The Commissioning Process


All calls for research applications are advertised on the Funding Opportunities page. All applications need to be submitted on an electronic application form, available through a dedicated research management system (RMS). The guidance on completing a PRP application form includes advice on how to navigate the RMS and upload the necessary supporting documentation. This guidance should be read carefully.

There are three major rounds of commissioning each year with a number of research areas addressed within each. Most commissioning 'rounds' involve a two-stage application process, where applicants are asked to submit an outline application to be followed by a full application after a short-listing process. 

All full applications are peer reviewed and funding will be allocated on a quality and need basis. Applicants are expected, before submitting applications, to have discussed their proposals with their own or any other organisations whose co-operation will be required in the conduct of the proposed research. Proof of support from the host organisation will be required.

Peer review of applications

All full applications are peer reviewed before being considered by a commissioning panel. The peer review process involves independent scientific referees and lay persons as well as other stakeholders (e.g. policy customers). Criteria used by peer reviewers to assess research applications include:

  • relevance of proposed research to the research specification
  • quality of the research design
  • quality of the work plan and proposed management arrangements
  • strength of the research team
  • impact of the proposed work
  • value for money (justification of the proposed costs)
  • involvement of patients, service users and the public.

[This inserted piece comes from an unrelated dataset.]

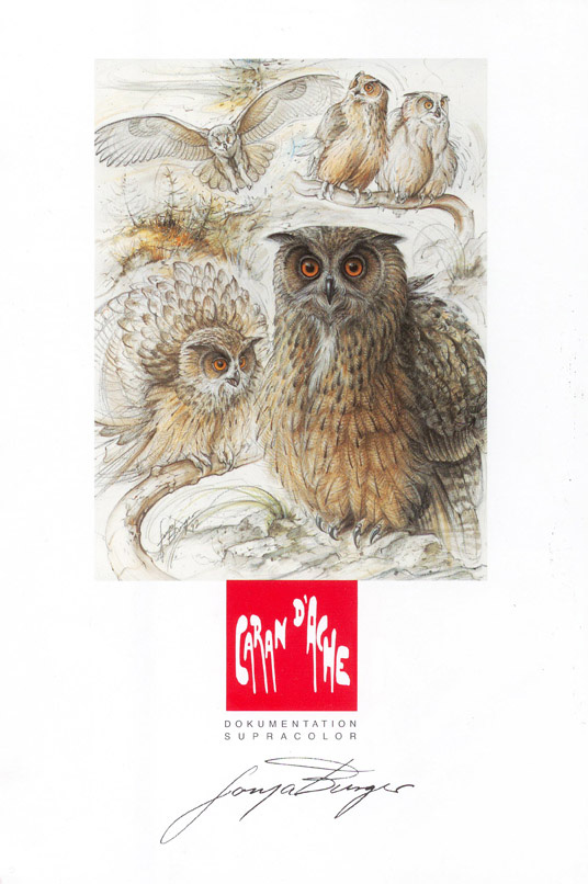 Ein paar Highlights aus meinem Schaffen: 8 Sonderbriefmarken, «Nachtaktive Tiere», mit Phosphordruck, das Licht konnte man in der Dunkelheit sehen und noch weitere vier «Tiere des Waldes». Sehr viel Weinetiketten durfte ich für Coop /Transgourmet zeichnen und gestalten. Für Franklin-Method gehöre ich seit vielen Jahren zum Team und mache alle Illustrationen für Bücher und zum Unterrichten. Für Caran d’ Ache war ich auch tätig, konnte auf einigen Messen auch im Ausland die neuen Zeichen- und Maltechniken vorstellen. Das schönste Projekt war der «Uhu» wo ich den Aufbau der Supracolor-Farbstifte darstellten konnte. Des Weiteren habe ich ca. 50 Poster für Rüdiger-Anatomie, Berlin gezeichnet. Auch für die ehemalige Swissair konnte ich eine Reihe von Gewürzpflanzen für die Menükarte (1. Klasse) darstellen und noch die allgemeine Unterhaltung an Bord mit weltweit verschiedenen Vögeln, die ja fliegen und musizieren. Einige Jahre konnte ich für «Migros» layouten. d. h. die Situationen für den Weihnachtskalender aus meiner Vorstellung zeichnen. Nachher wurden die Situationen von Fotografen aufgestellt und in Natura fotografiert. Layouten dient u. a. dem Verkauf von Projekten. Eine Zeichnung ist noch offen und lässt Änderungen zu.

Applications are also judged on the feasibility of delivering the research to the specified milestones and deadlines.

It is extremely important for applicants to provide a plain English summary that is accessible to lay reviewers. It will be a disadvantage if patients, service users and the public are unable to understand the nature of a research application.

PRP commissioning panels

PRP commissioning panels meet to discuss applications in detail and advise the Department of Health on which application, or applications, should be funded. Peer reviews, and any responses to peer review comments, will guide the panel in its deliberations, before it makes its final funding recommendations to the Department of Health.

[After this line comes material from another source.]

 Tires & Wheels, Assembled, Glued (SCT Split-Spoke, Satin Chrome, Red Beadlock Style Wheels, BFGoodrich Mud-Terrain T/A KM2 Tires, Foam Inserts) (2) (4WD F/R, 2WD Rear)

The commissioning panels bring together expertise relevant to the research evidence-base needed for DH policymaking. Panel membership includes an independent Chair, a number of senior academics with multi-disciplinary expertise and two Patient and Public Involvement (PPI) representatives. This commissioning panel is also supported by high calibre and experienced individuals who act as ‘subject experts’ in the area(s) of research directly relevant to specific calls under consideration. The panel members page is available here

Representatives of the Policy Research Programme, of relevant Department of Health policy directorates and of DH partners attend as observers, while members of the PRP CCF function as the secretariat to Panel.

Feedback for applicants

Once an application has been considered, the PRP CCF will provide written feedback to the named lead investigator regardless of whether the bid is successful or not. Feedback on outline applications will inform applicants whether they have been invited to submit a full application. Unsuccessful applicants at either the outline or full application stage will be provided with comments from PRP commissioning panels via the PRP CCF. 

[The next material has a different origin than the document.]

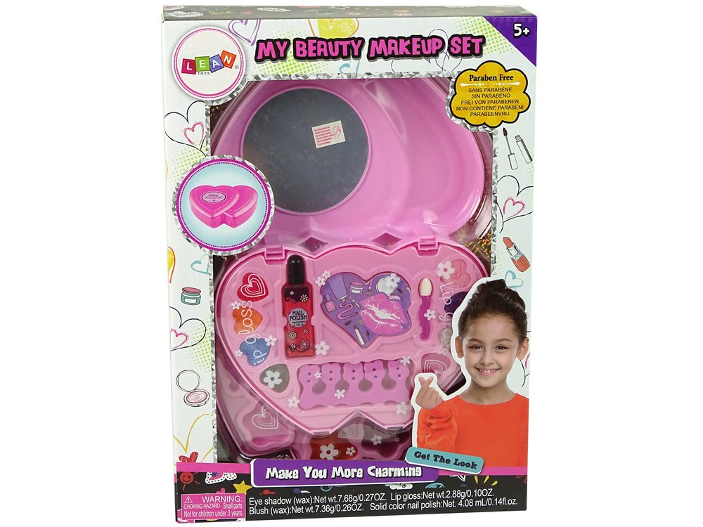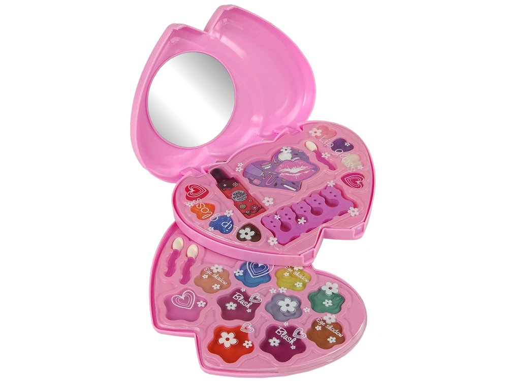 Το κοριτσάκι μπορεί να επιλέξει ανάμεσα σε πολλές σκιές ματιών, πώς θα ζωγραφίσει τον εαυτό της για τη μεγάλη βραδινή έξοδο σήμερα. Όλα έρχονται σε ένα όμορφο κουτί σε σχήμα ροζ καρδιάς. Αποτελείται από 2 παλέτες και έναν καθρέφτη, το ένα συρτάρι με γυαλάδες και βερνίκια νυχιών, το άλλο με σκιές και ρουζ. Στο καπάκι θα βρει έναν καθρέφτη στον οποίο η μικρή μπορεί να ζωγραφίσει με ακρίβεια τον εαυτό της και να ελέγξει την εμφάνιση του μακιγιάζ της.

The PRP CCF is unable to enter into further correspondence once written feedback has been provided.

Contracting of projects selected for funding

In order to maximise the benefit from the findings, research projects selected for funding are expected to commence within six months of notification of funding. A contract will be issued by the Department of Health between the Secretary of State for Health and the host institution (main base of the research). Capability to start promptly will be viewed as an advantage in the selection process and in some cases may be a requirement of the research specification.

A template of the contract is available here 

Management of projects selected for funding

All financial, contractual and administrative aspects of commissioned studies are managed by the PRP CCF.  The PRP CCF Programme Managers are the primary point of contact for dealing with contracts, quarterly payments (in arrears), regular financial statements, progress reports, publications and final outputs. They will also deal with any contract variations and may request that you update publicly accessible registers with details of your research.